▼

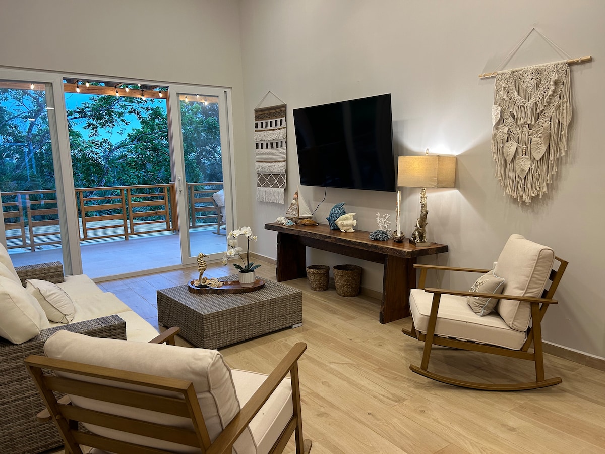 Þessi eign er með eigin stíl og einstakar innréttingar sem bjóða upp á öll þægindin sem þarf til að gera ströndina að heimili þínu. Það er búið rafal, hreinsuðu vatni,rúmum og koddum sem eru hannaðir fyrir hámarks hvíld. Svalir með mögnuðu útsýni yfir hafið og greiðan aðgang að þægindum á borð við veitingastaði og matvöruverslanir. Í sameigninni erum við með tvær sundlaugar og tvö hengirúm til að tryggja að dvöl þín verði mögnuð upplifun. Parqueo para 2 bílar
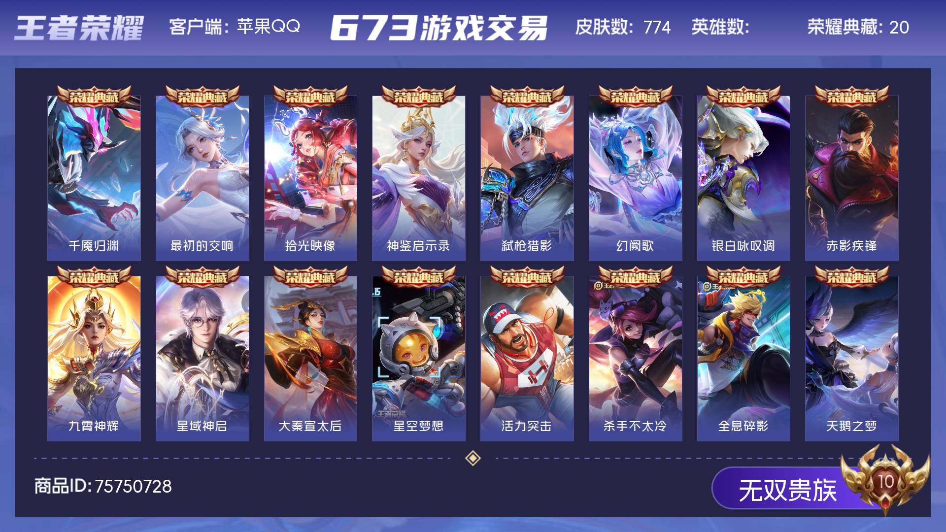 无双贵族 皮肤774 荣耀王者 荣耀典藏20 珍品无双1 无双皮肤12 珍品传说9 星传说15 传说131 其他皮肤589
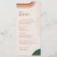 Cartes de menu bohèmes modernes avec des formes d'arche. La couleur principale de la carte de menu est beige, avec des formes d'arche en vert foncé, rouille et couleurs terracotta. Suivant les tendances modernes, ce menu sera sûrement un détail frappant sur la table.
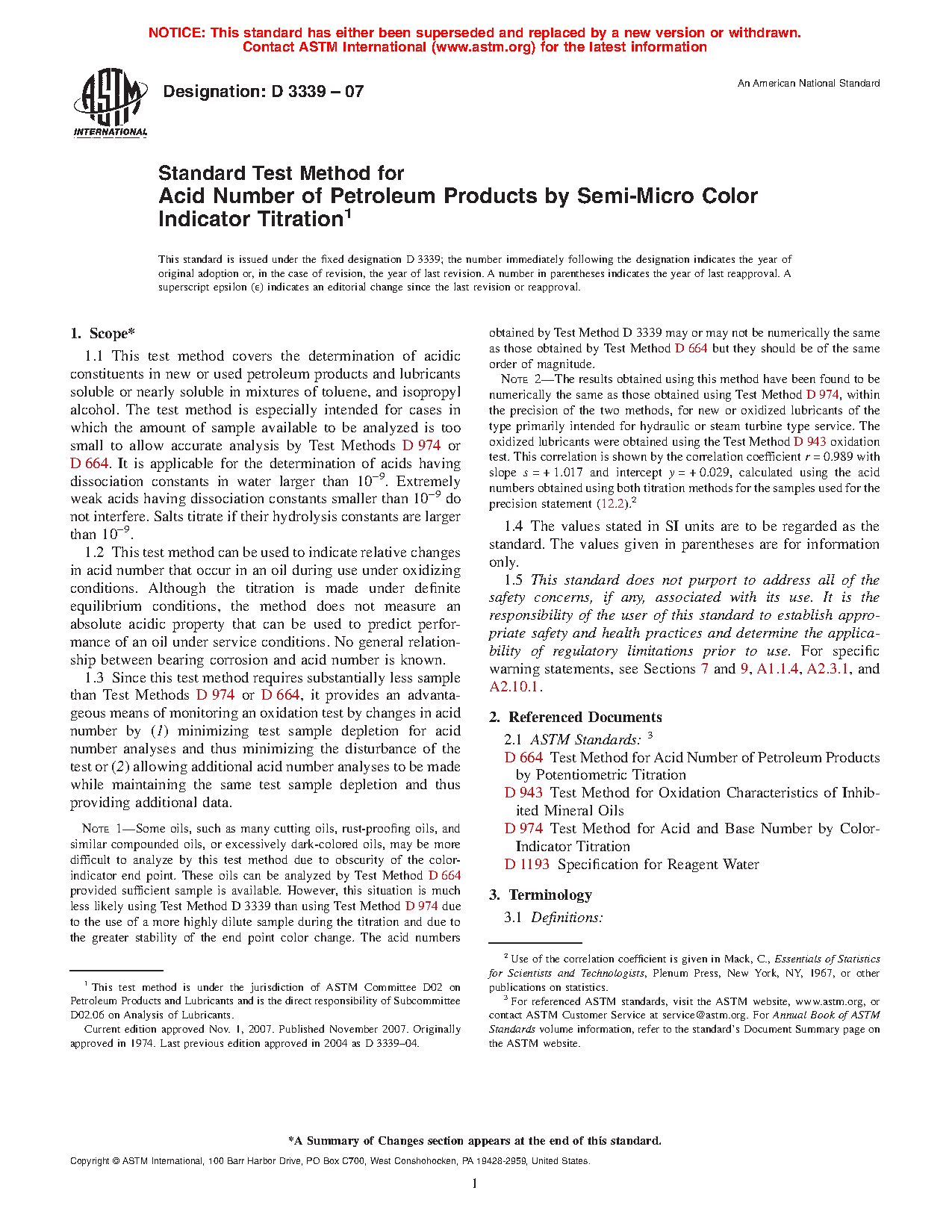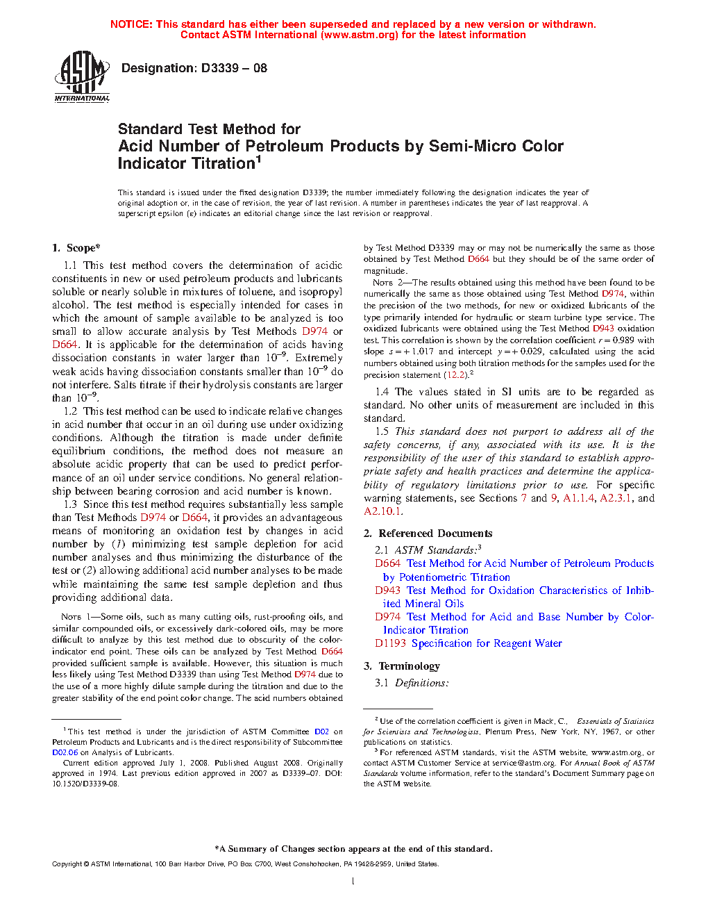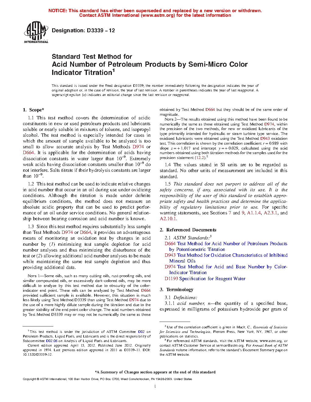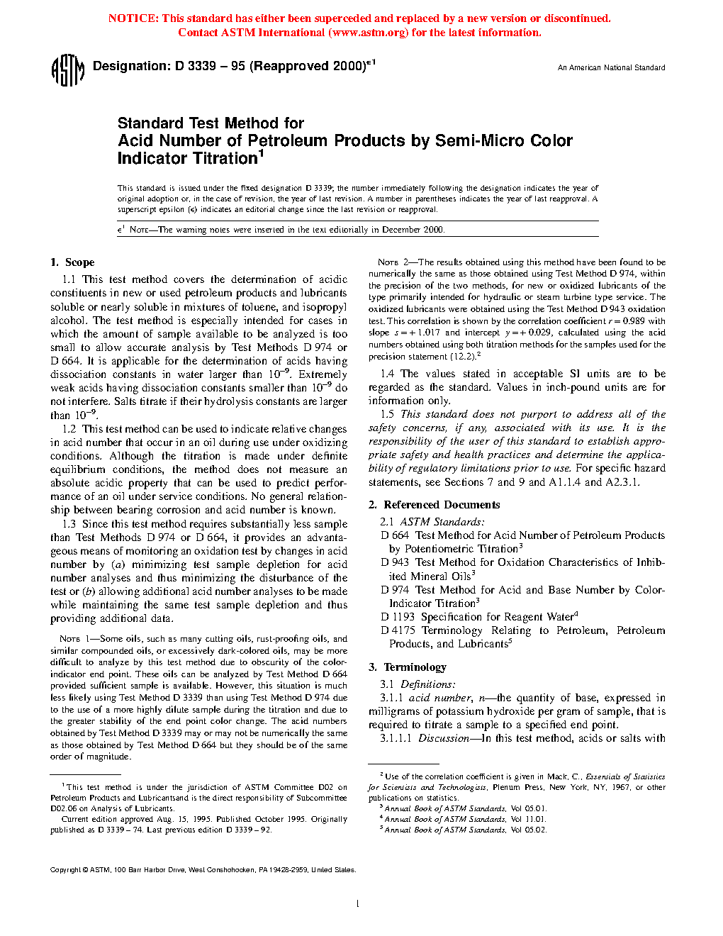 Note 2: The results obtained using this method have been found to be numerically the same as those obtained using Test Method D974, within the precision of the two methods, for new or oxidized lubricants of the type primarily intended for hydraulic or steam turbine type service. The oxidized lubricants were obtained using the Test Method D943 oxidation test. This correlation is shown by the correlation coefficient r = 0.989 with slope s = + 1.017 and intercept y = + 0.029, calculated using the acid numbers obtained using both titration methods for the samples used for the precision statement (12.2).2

▲
▼

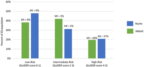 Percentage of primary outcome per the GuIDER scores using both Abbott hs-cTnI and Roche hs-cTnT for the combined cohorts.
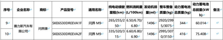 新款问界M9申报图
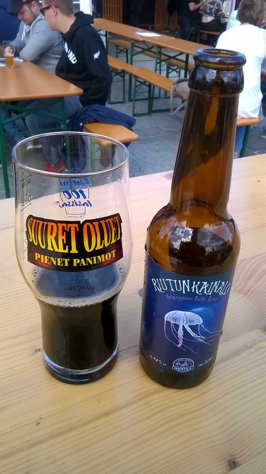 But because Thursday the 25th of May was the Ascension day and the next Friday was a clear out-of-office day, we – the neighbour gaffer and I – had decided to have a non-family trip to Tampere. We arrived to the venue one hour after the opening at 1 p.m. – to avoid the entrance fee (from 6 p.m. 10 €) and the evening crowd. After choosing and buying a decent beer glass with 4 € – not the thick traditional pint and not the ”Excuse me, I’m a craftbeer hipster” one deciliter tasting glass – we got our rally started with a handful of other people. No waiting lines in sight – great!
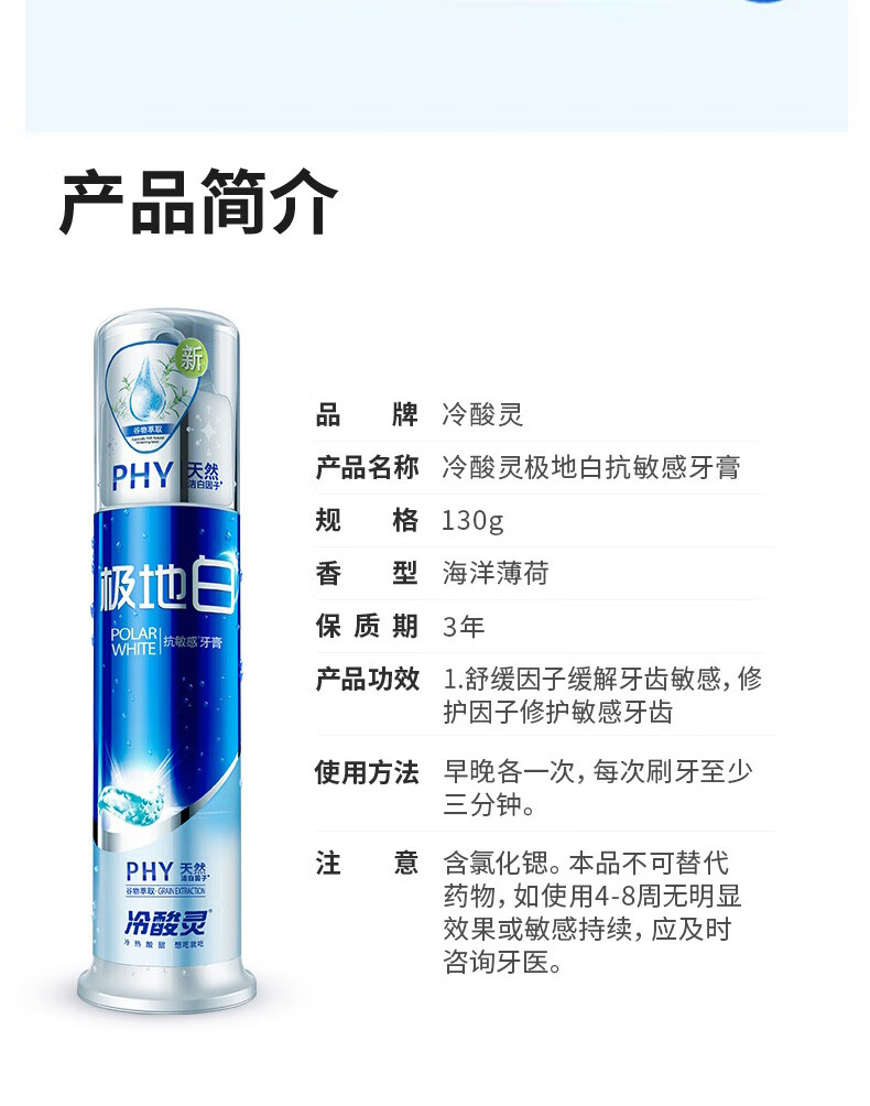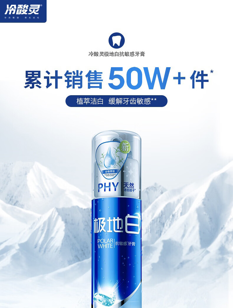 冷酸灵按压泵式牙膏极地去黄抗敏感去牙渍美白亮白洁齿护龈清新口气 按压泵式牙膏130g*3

▲

**TASK BRIEF**. Using the data above, retype exactly the lines from the line with "Cartes de menu" to the line with "Note 2: The", inclusive. No pictures and nothing else.

**REPLY TO THE EXERCISE**.
 Cartes de menu bohèmes modernes avec des formes d'arche. La couleur principale de la carte de menu est beige, avec des formes d'arche en vert foncé, rouille et couleurs terracotta. Suivant les tendances modernes, ce menu sera sûrement un détail frappant sur la table.
 Note 2: The results obtained using this method have been found to be numerically the same as those obtained using Test Method D974, within the precision of the two methods, for new or oxidized lubricants of the type primarily intended for hydraulic or steam turbine type service. The oxidized lubricants were obtained using the Test Method D943 oxidation test. This correlation is shown by the correlation coefficient r = 0.989 with slope s = + 1.017 and intercept y = + 0.029, calculated using the acid numbers obtained using both titration methods for the samples used for the precision statement (12.2).2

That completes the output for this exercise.